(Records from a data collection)
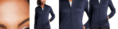 Snag-resistant and pill-resistant with a matte finish and contrast color detailing throughout, this double-knit jacket is right on trend with moisture-wicking performance.
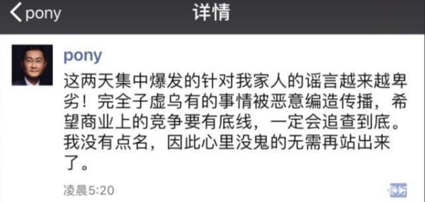 有意思的是,马化腾在辟谣中指出,“希望商业上的竞争要有底线”,疑在指此事可能是竞争对手的恶意抹黑。
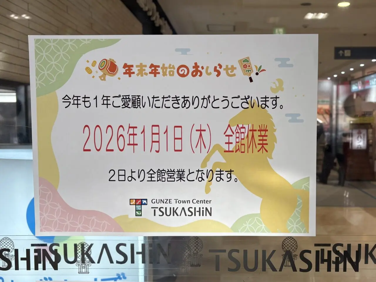 グンゼタウンセンターつかしん 元日全館休館 2日より営業
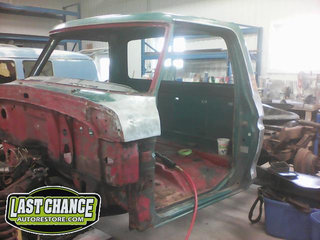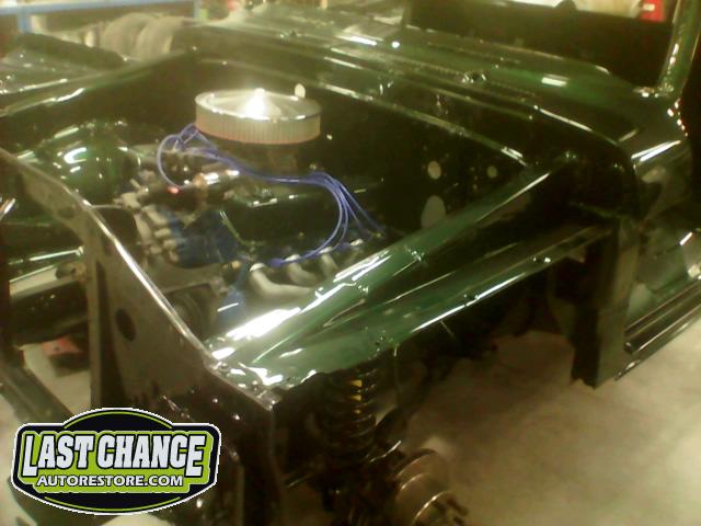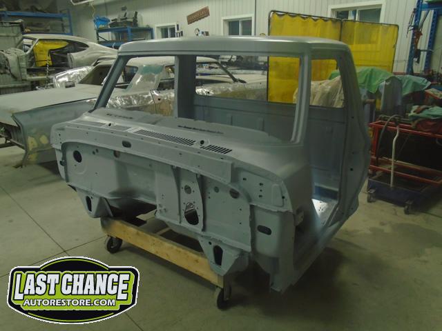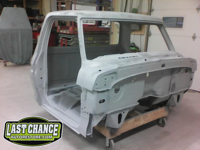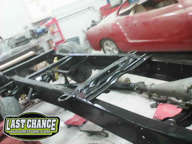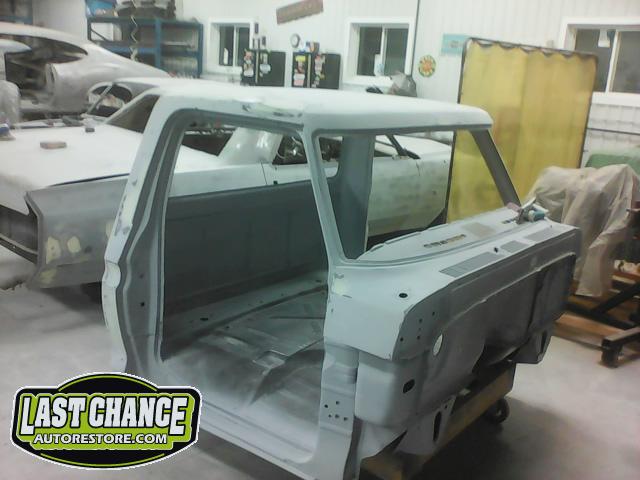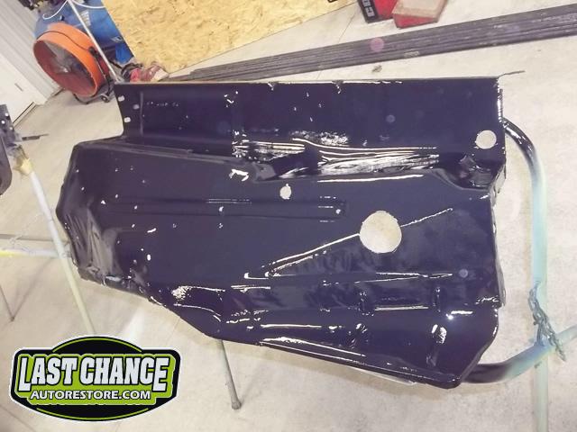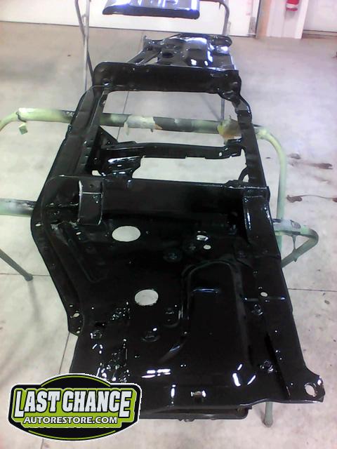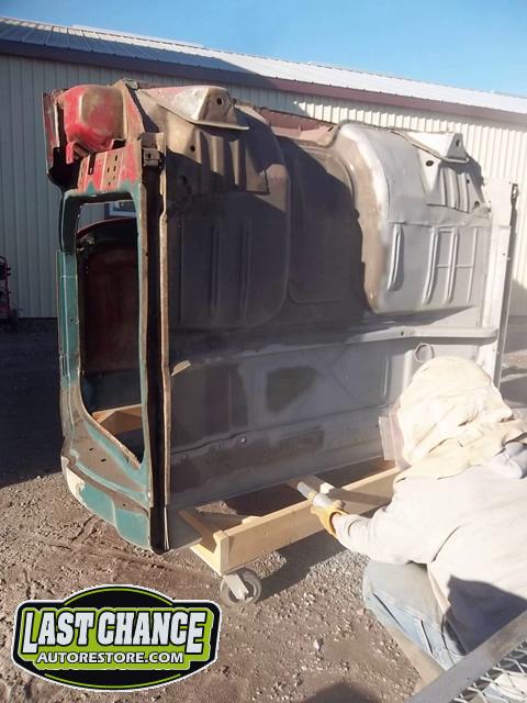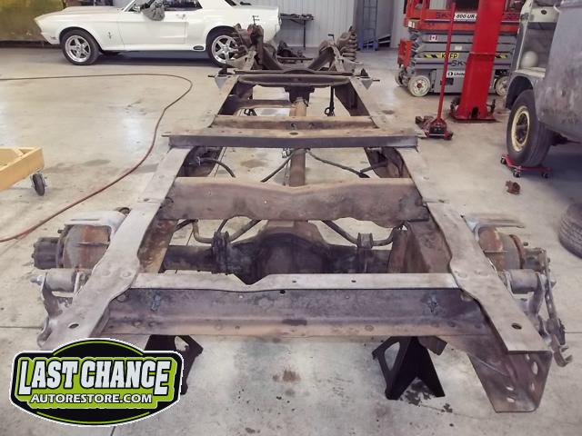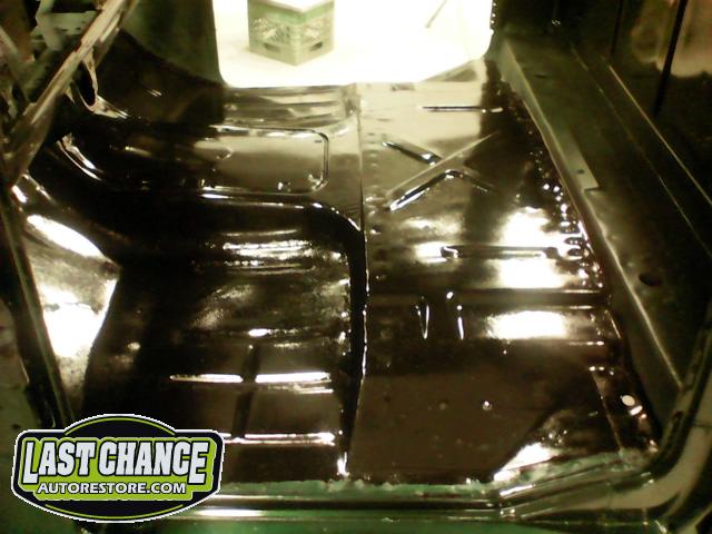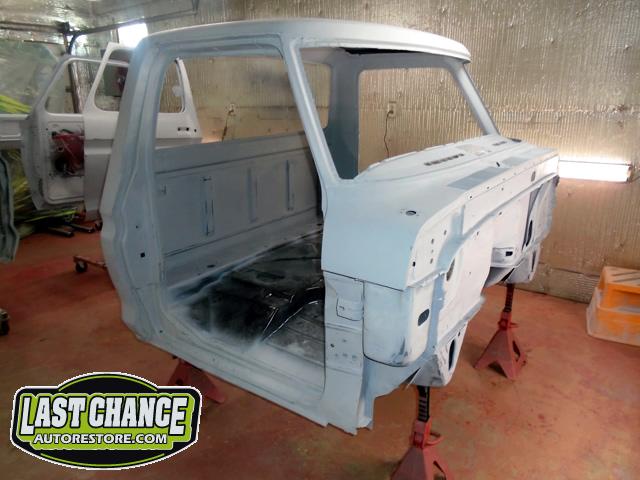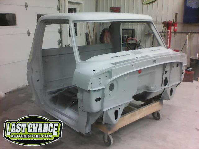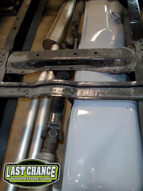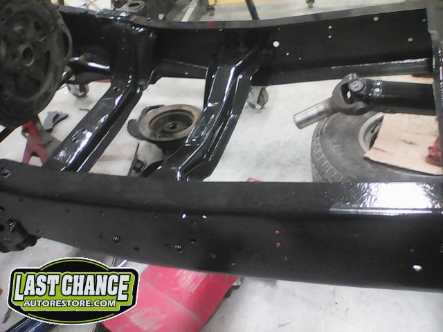 The cab bottom received 2 coats of black anti rust paint before it was set on all new rubber cab mounts on the completely rebuilt frame.
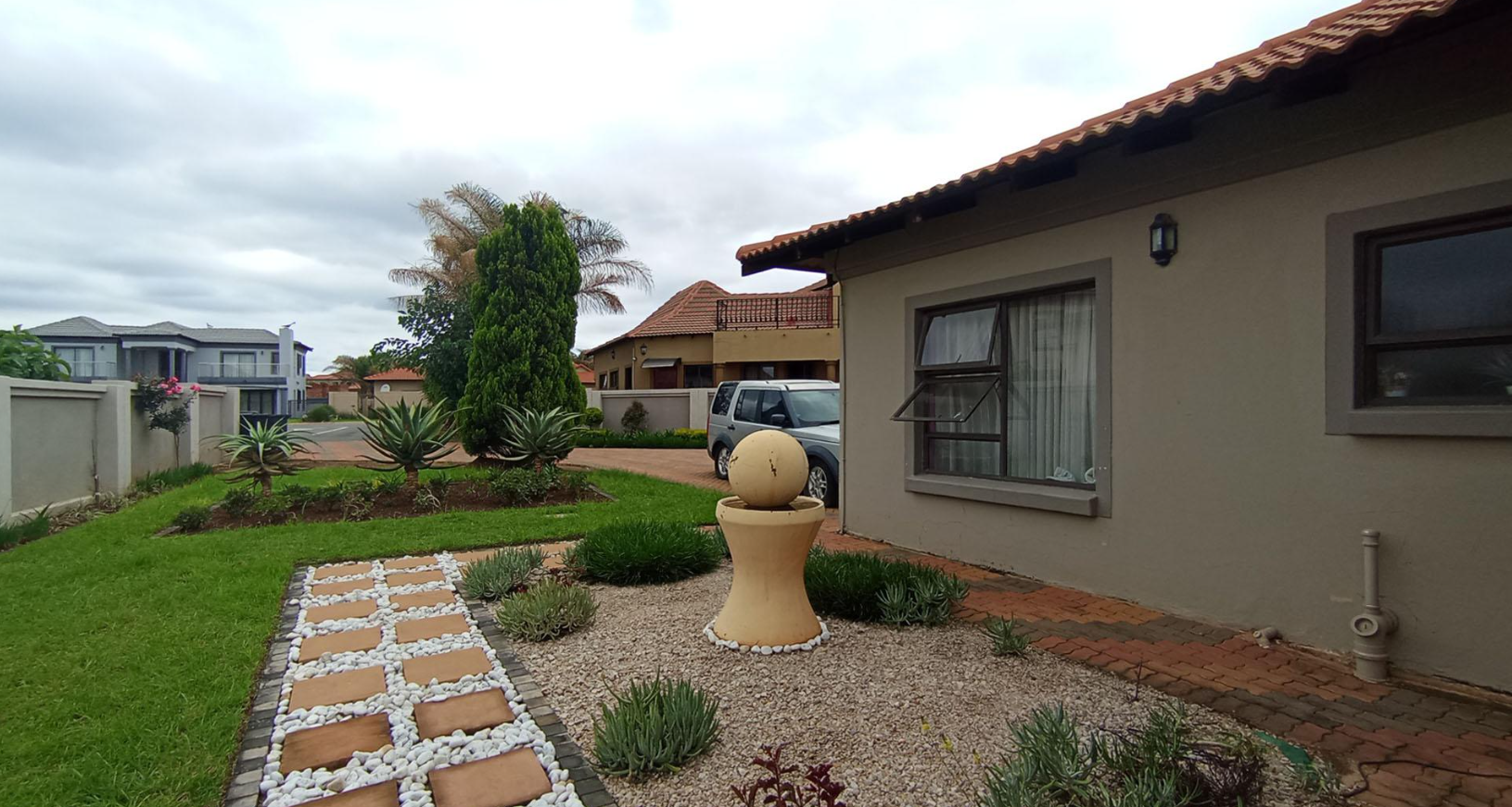 Discover this inviting single-story residence nestled within the prestigious Savannah Country Estate in Pretoria. The property immediately impresses with its well-maintained exterior, classic tiled roof, and a spacious paved driveway offering ample parking for up to four vehicles, including a double garage. Established landscaping provides a private and welcoming approach to this family home, enhancing its kerb appeal.
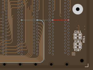 Both +12V & -12V on the opamp are good, so that’s not the problem. Replaced both 220uF caps (they were placed in wrong polarity, silkscreen is not good on the A4000 rev D). By replacing those two caps the problem still existed, so removed the next thing to go.. C403.. Ahhh… that’s the problem..
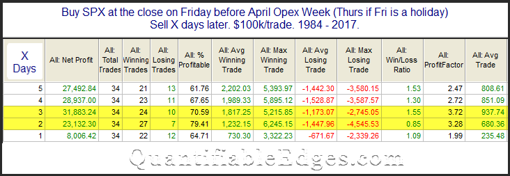 This week is option expiry week. Rob Hanna of Quantifiable Edges documented in the past that April OpEx is one of the strongest OpEx weeks of the year, but further investigation revealed that the market tends to peak out on the Wednesday of April OpEx and treads water for the rest of the week.
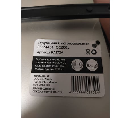 Струбцина быстрозажимная Белмаш QC200L RA172A

■ Work request: No pictures should appear; only the lines from the first line of the records through the line with "Discover this inviting", both included, are to be restated word for word.

■ Problem solution:
 Snag-resistant and pill-resistant with a matte finish and contrast color detailing throughout, this double-knit jacket is right on trend with moisture-wicking performance.
 有意思的是,马化腾在辟谣中指出,“希望商业上的竞争要有底线”,疑在指此事可能是竞争对手的恶意抹黑。
 グンゼタウンセンターつかしん 元日全館休館 2日より営業
 The cab bottom received 2 coats of black anti rust paint before it was set on all new rubber cab mounts on the completely rebuilt frame.
 Discover this inviting single-story residence nestled within the prestigious Savannah Country Estate in Pretoria. The property immediately impresses with its well-maintained exterior, classic tiled roof, and a spacious paved driveway offering ample parking for up to four vehicles, including a double garage. Established landscaping provides a private and welcoming approach to this family home, enhancing its kerb appeal.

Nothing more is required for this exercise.